В двух шагах от рая
— Нечего на меня кричать. Я повторяю — «нет»! Прощайте.
— Вы не можете так поступить со мной.
— Могу! Могу! Оставьте меня в покое! Найдите себе молодую, интересную девушку без прошлого, без взрослой дочери, без внука и будьте счастливы. Все, я не могу больше говорить…

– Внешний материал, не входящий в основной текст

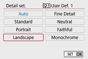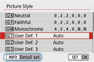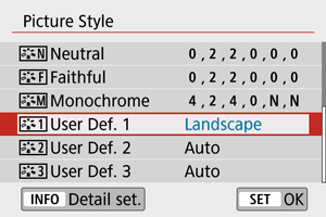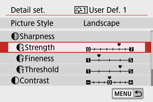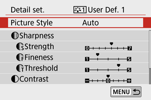 - Ako ste već registrovali stil slike kao korisnički stil [User Def. *] / [Korisn. def. *], izmenom polaznog stila slike poništićete postavke prethodno registrovanog korisničkog stila slike.
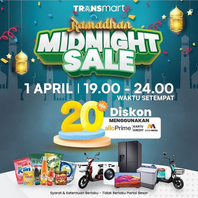 92 Gerai Transmart se-Indonesia akan menggelar Ramadhan Midnight Sale. Termasuk gerai Transmart yang ada di Surabaya, mulai Transmart Rungkut, Transmart Ngagel, Transmart Trans Icon Mall, hingga Transmart Dukuh Kupang. Banjir diskon berlaku 1 April 2023, mulai pukul 19.00-24.00 WIB.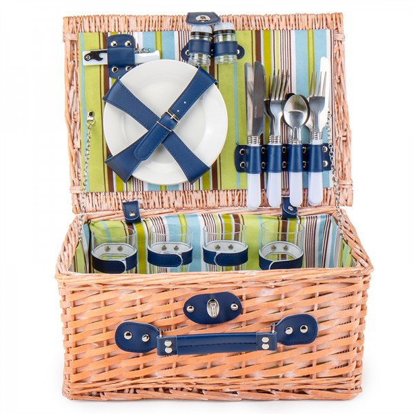 Набор для пикника Корзина Викенд на 4 персоны с ковриком для пикника. Корзина достаточно просторная и содержит 4 набора посуды. Вы также можете разместить необходимую еду и напитки. Корзина для пикника не только красива и украсит Ваш праздник, но и экологична, безопасна для окружающей среды. Корзина для пикника включает: 1 штопор (нержавеющая сталь), солонка и перечница (пластик), 4 столовых ножа, вилки и ложки (нержавейка с полипропиленовой ручкой), 4 тарелки 17,7 см (керамика), 4 бокала (пластик). Аксессуары внутри обернуты защитной бумагой и закреплены кожаными ремнями.
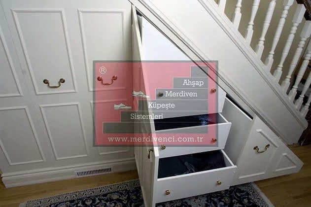 Bu sayede müşterilerimize en kullanışlı çözümleri ulaştırabilmekte, evlerinin iç hacimlerini en başarılı şekilde genişletirken yine evin içerisinden merdiven ile katlar arası geçişin sağlanabilmesine olanak tanımaktayız. Gerçekleştirmekte olduğumuz projelerin arasında merdiven altı dolaplar bulunmaktadır. Bu ürünlerimiz özellikle son zamanlarda en sık tercih edilen ürünlerimiz arasında yerini almayı başarmıştır. Merdivenler genellikle evin iç hacmini daralttığı için merdiven altı dolaplar büyük bir ilgi görmektedir. Bu dolaplar sayesinde bireyler çoğu zaman boş duran ve çirkin bir görüntü oluşturan merdiven altlarını efektif bir şekilde kullanabilme imkanına kavuşmuşlardır.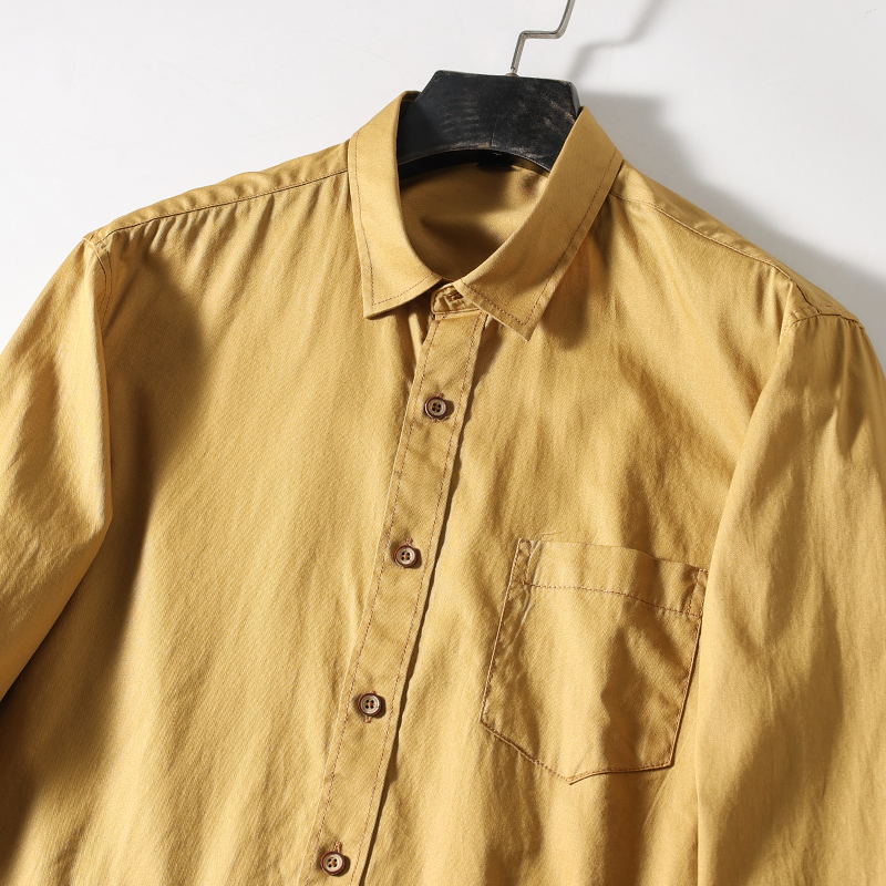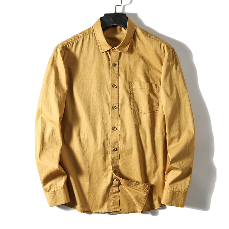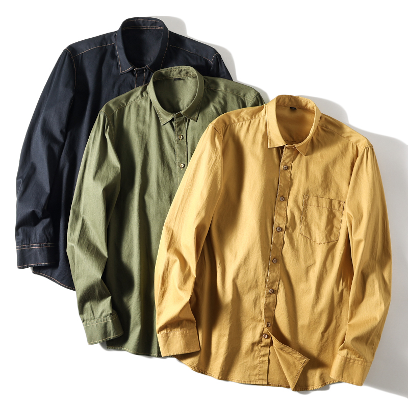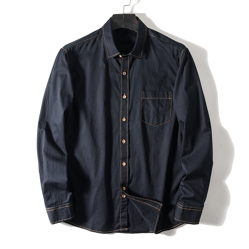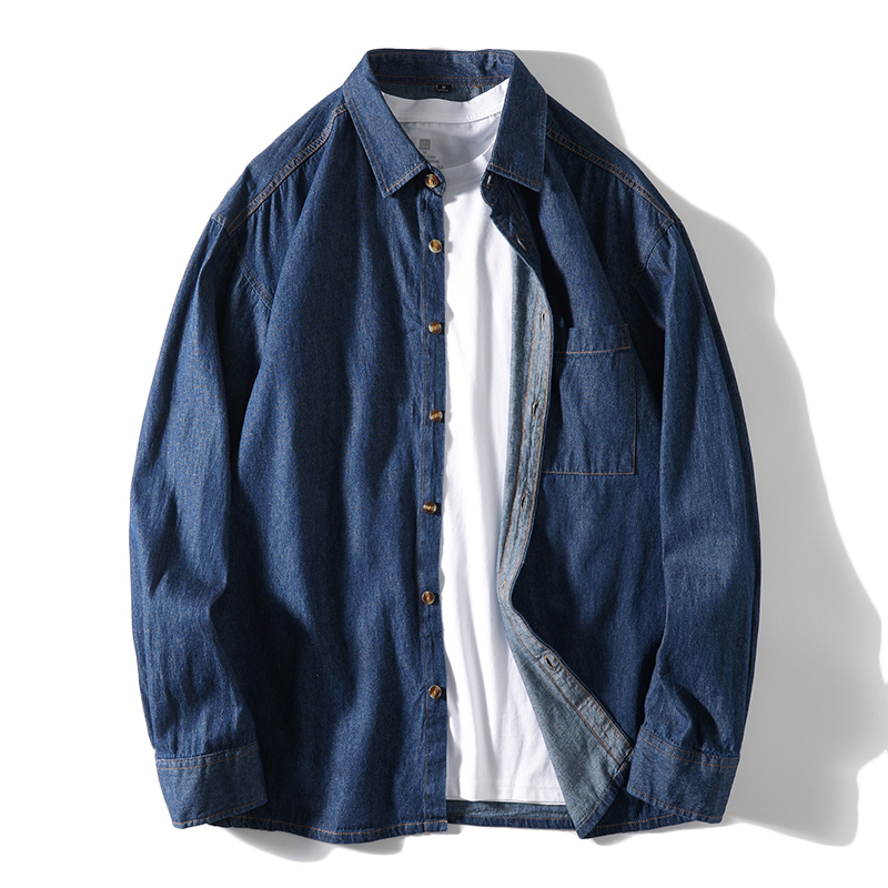 長袖シャツ メンズ デニムシャツ ダンガリー ポケット付き カジュアルシャツ ワークシャツ 水洗い加工 柔らかい 秋 ウォッシュ加工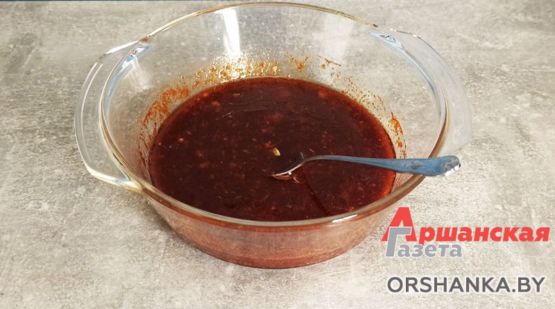 Для соуса: 70 г растительного масла, 70 г соевого соуса, 1 ст. л. сладкой паприки, 1 ст. л. уксуса, 1 ч. л. соли, 1 ч. л. сахара, 30 г вяленых помидоров или 2 ст. л томатной пасты, 6 зубчиков чеснока.
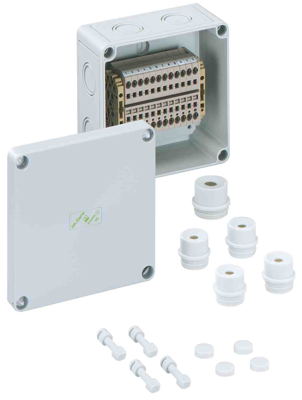 Skříň pro řadové svorkovnice, se stupněm krytí IP54/IP66, Jmenovitý průřez 4 mm?, Ui=400V AC, polystyren, Vnitřní místa pro připevnění, pro standardní instalace ve vnitřním prostoru, osazené 12 bezšroubovými svorkami 4 mm? (typ Weidmüller ZDU 4) Rozměry: 130 x 130 x 75 mm Přiložené příslušenství: 4 Vývodka IP54 M20 Rozsah těsnění 8 - 13,5 mm, 1 Vývodka IP54 M25 Rozsah těsnění 9 - 18,5 mm
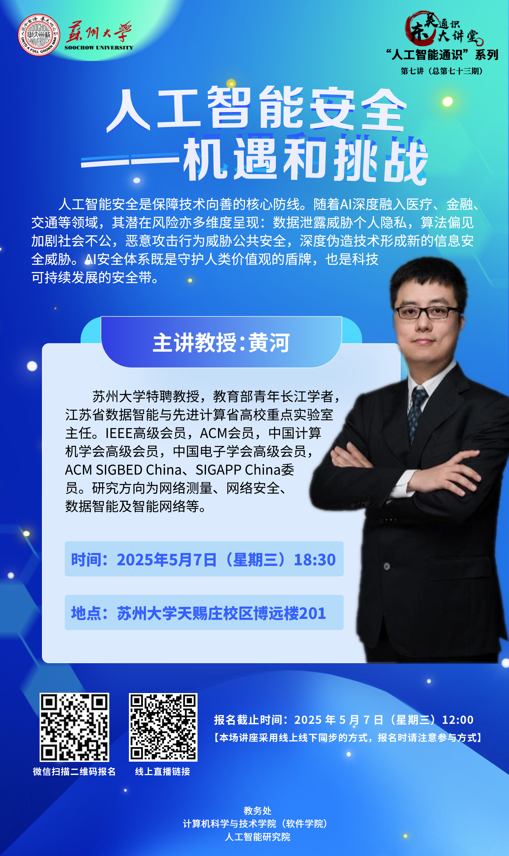 东吴通识大讲堂“人工智能通识”系列第七讲(总第七十三期):人工智能安全——机遇和挑战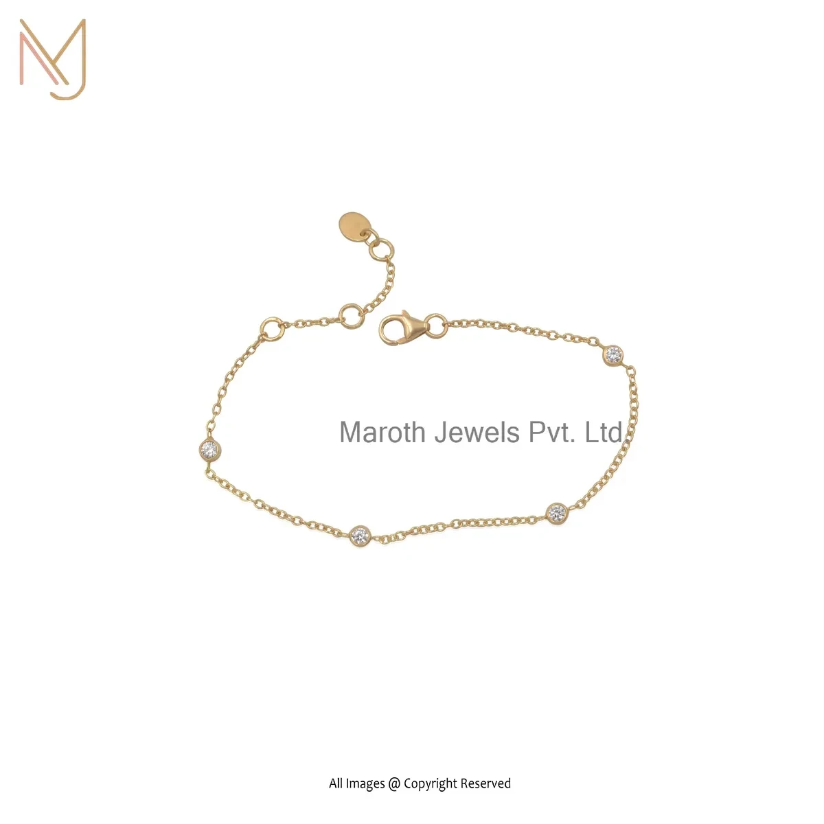 925 Silver Yellow Gold Plated Cubic Zicon Brilliant Round Cut Bracelet Jewelry Supplier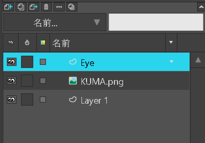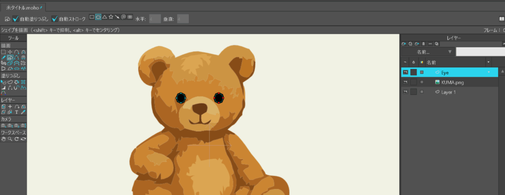 レイヤー構成は、目 → クマ → レイヤー1(初期生成されるレイヤー) の順です。クマの上に目のレイヤーが来るように配置してください。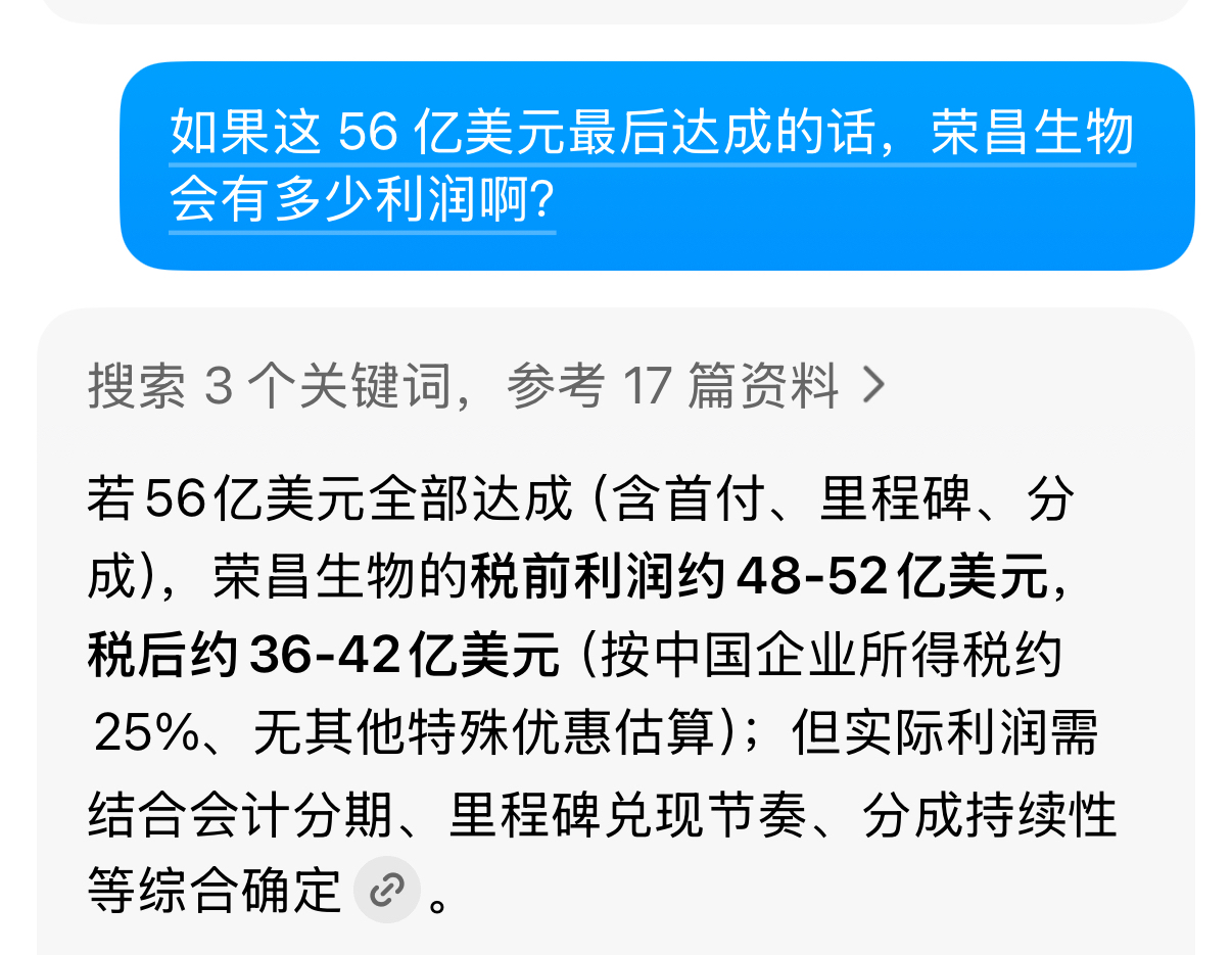 $荣昌生物(SH688331)$ 真的假的?利润这么高?就算分几年也很厉害吧!这56亿美元还不含大中华区,荣昌自己保留大中华区的销售权,这药这么牛逼吗?有没有专业的人解答一下?谢谢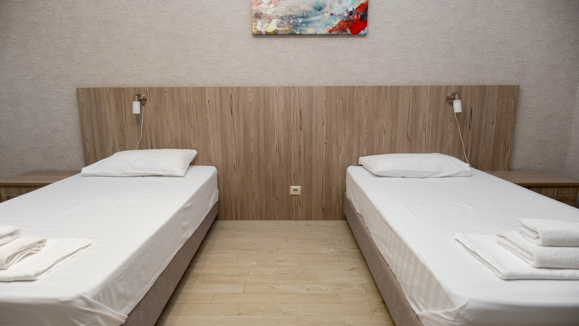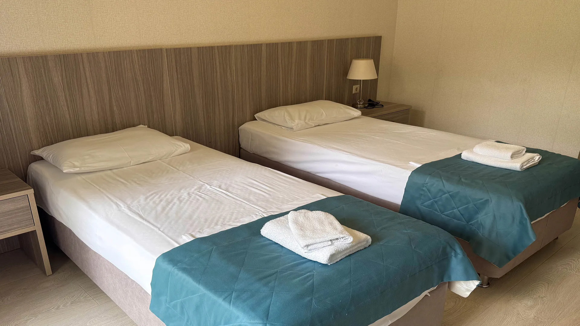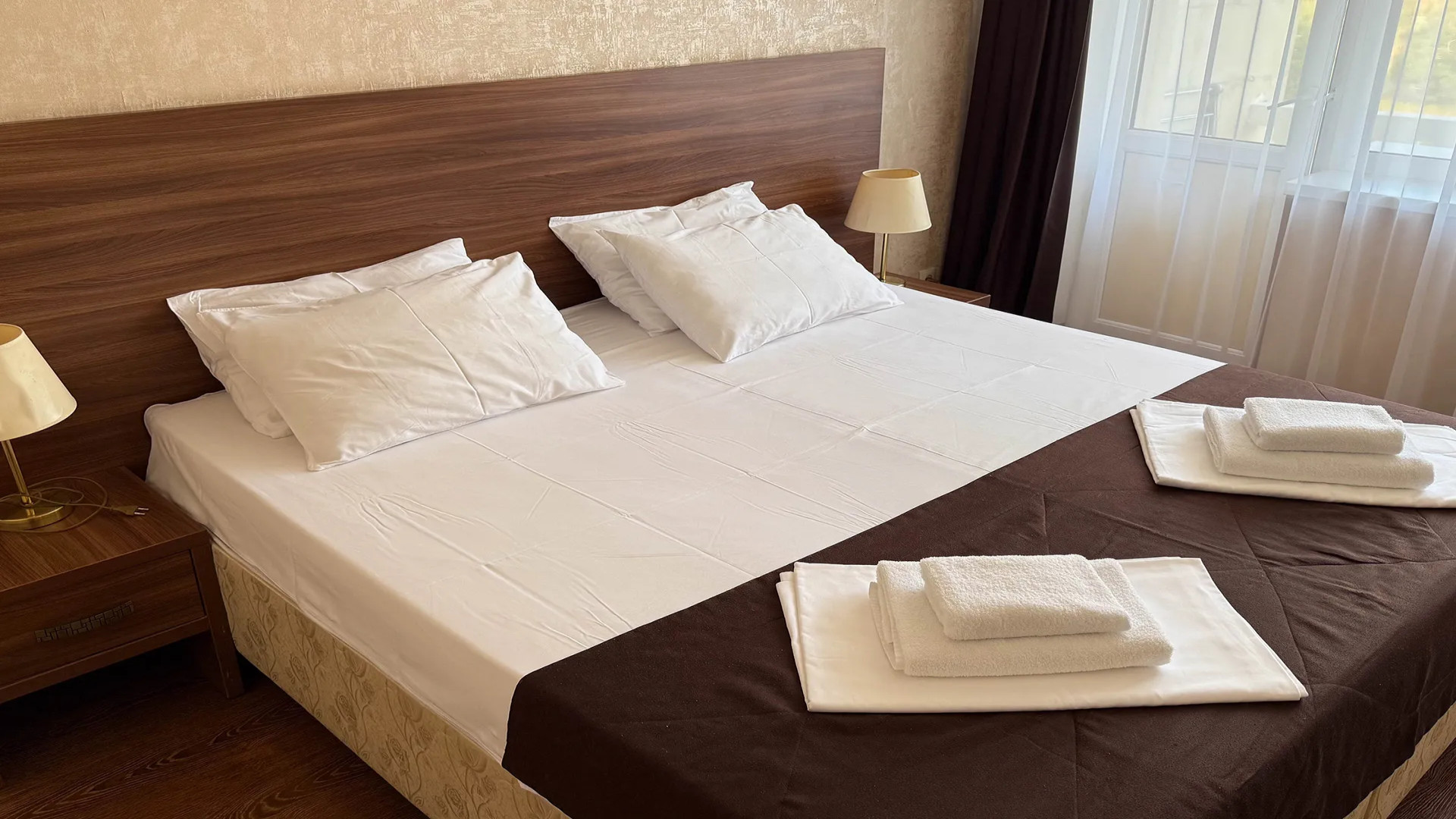 В номере: душ, туалет, ТВ, холодильник, кондиционер, фен, двуспальная или две раздельные кровати, балкон. размещения 1 гостя на доп. месте (раскладушка)

Щеголева резко нажала на кнопку, оборвав разговор. Она выдернула из телефонной розетки шнур, решив покончить с поздравлениями на сегодня. Она была сыта ими. Сбросив тапочки, Юля устроилась на диване среди многочисленных подушек, укрывшись мягким пледом из верблюжьей шерсти. Ей вдруг стало холодно, по телу бежали мурашки, а зубы отбивали неприятную дробь. Она злилась на себя, Надежду, Наташу и Сеню, на Рогозина, на весь мир. Здесь все было против нее: характер, возраст, жизненный опыт.
— Боже, что со мной такое? — Юлия укрылась пледом с головой. Слезы полились из глаз, удушливым обручем сдавило горло. Она рыдала, спрятавшись ото всех, не заботясь о том, что кто-то станет свидетелем ее слабости. Щеголева была уверена, что это слабость плюс жалость к себе. Они прорвались наружу за долгие месяцы, во время которых она держала себя в руках, не позволяла себе распускаться.
Сейчас она хотела выплакаться. И сама не ожидала, сколько же их, соленых, застилающих глаза слез. Она чувствовала, что они не приносят облегчения. Напротив, с каждой минутой возрастало презрение к себе, такой трусливой, старомодной, способной на поступок только в тайных мыслях. Реально она выбрала удел одинокой, стареющей женщины. Скоро она перестанет выглядеть так моложаво, природа возьмет свое, и каждая клеточка тела будет указывать возраст своей хозяйки. И тогда она точно никому не будет нужна. Нет, Наташе, Андрюше — всегда, но ведь сейчас Щеголеву заботило не это. Она чувствовала, что теряет, может быть, последний шанс начать новую жизнь, впустить что-то прекрасное, чего никогда, никогда не испытывала. Ничего такого, что планировалось бы долгие годы, ничего заученного, никаких штампов — просто элементарное следование зову плоти, сердца.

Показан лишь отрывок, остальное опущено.